Детская игра в молчанку: дети, держась за свои большие пальчики, складывают кулачки друг другу, стоя рядом. Получается большой столбик из кулачков, и все вместе говорят: «Без, без, без эдэк, без униккэ кыз эдик, клятка кэрдек, бол ошадэк, безга тыштэк мой ошадэк — хоп-да-хуп!» Кулачки разжимаешь и молчишь. Кто первый заговорит, тот и проиграл. Можно использовать любую считалочку, которую знаешь. Например, «разбился стакан, вода разлилась по всем городам, игра началась».

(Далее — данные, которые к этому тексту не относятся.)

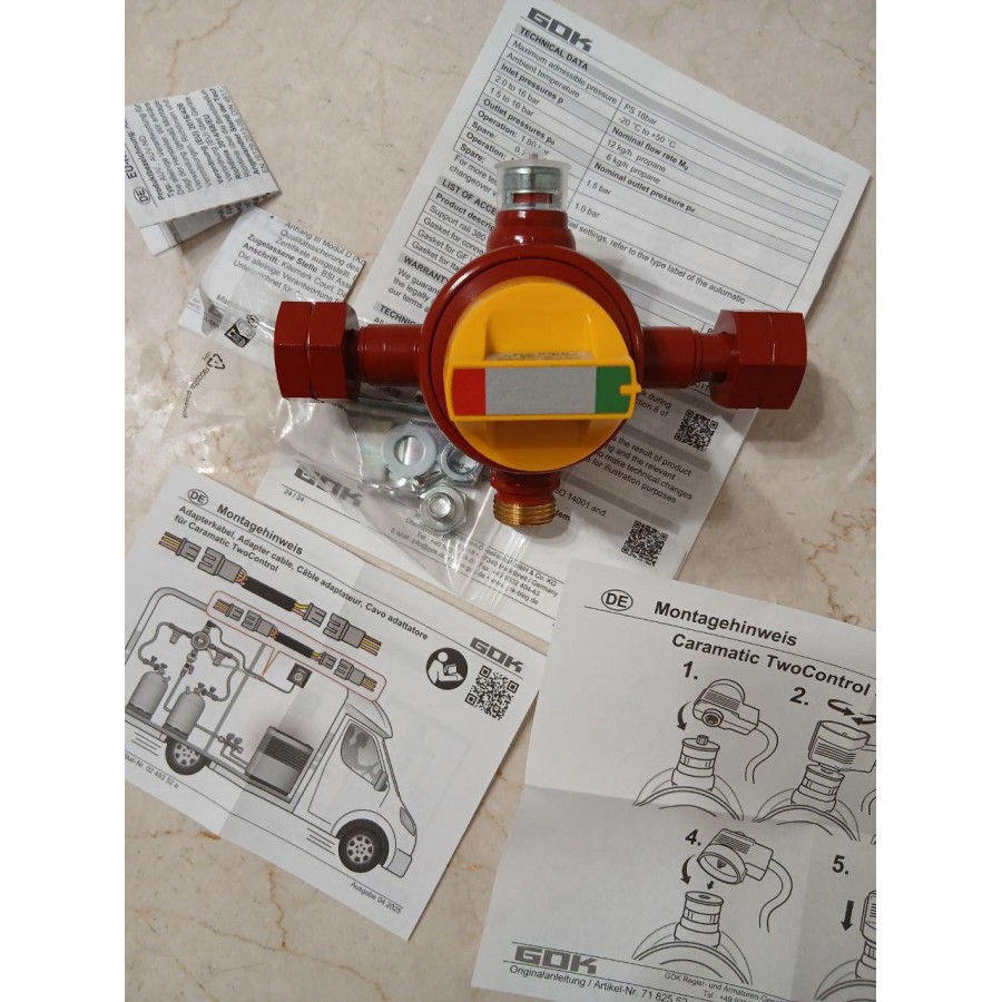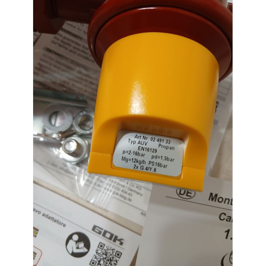 Устройство изготовлено немецкой компанией GOK и соответствует европейским стандартам безопасности. Клапан имеет сертификацию EG в соответствии с требованиями GGR, что подтверждает его надежность и пригодность для использования в профессиональных и бытовых газовых системах. Качественные материалы и точная механика гарантируют стабильную работу даже при длительной эксплуатации.

Сама Онькай любила петь. Сидя у окна и глядя на улицу, она тихонько напевала вслух народные татарские песни. Эти песни очень мелодичные, немного напоминают и китайские, и итальянские мелодии. Я полюбила их слушать. После своих песнопений бабушка часто плакала, а когда она читала Коран, надо было тихо сидеть, не мешать, а то — грех! Надо дождаться, когда чтение закончится словом «Аббар».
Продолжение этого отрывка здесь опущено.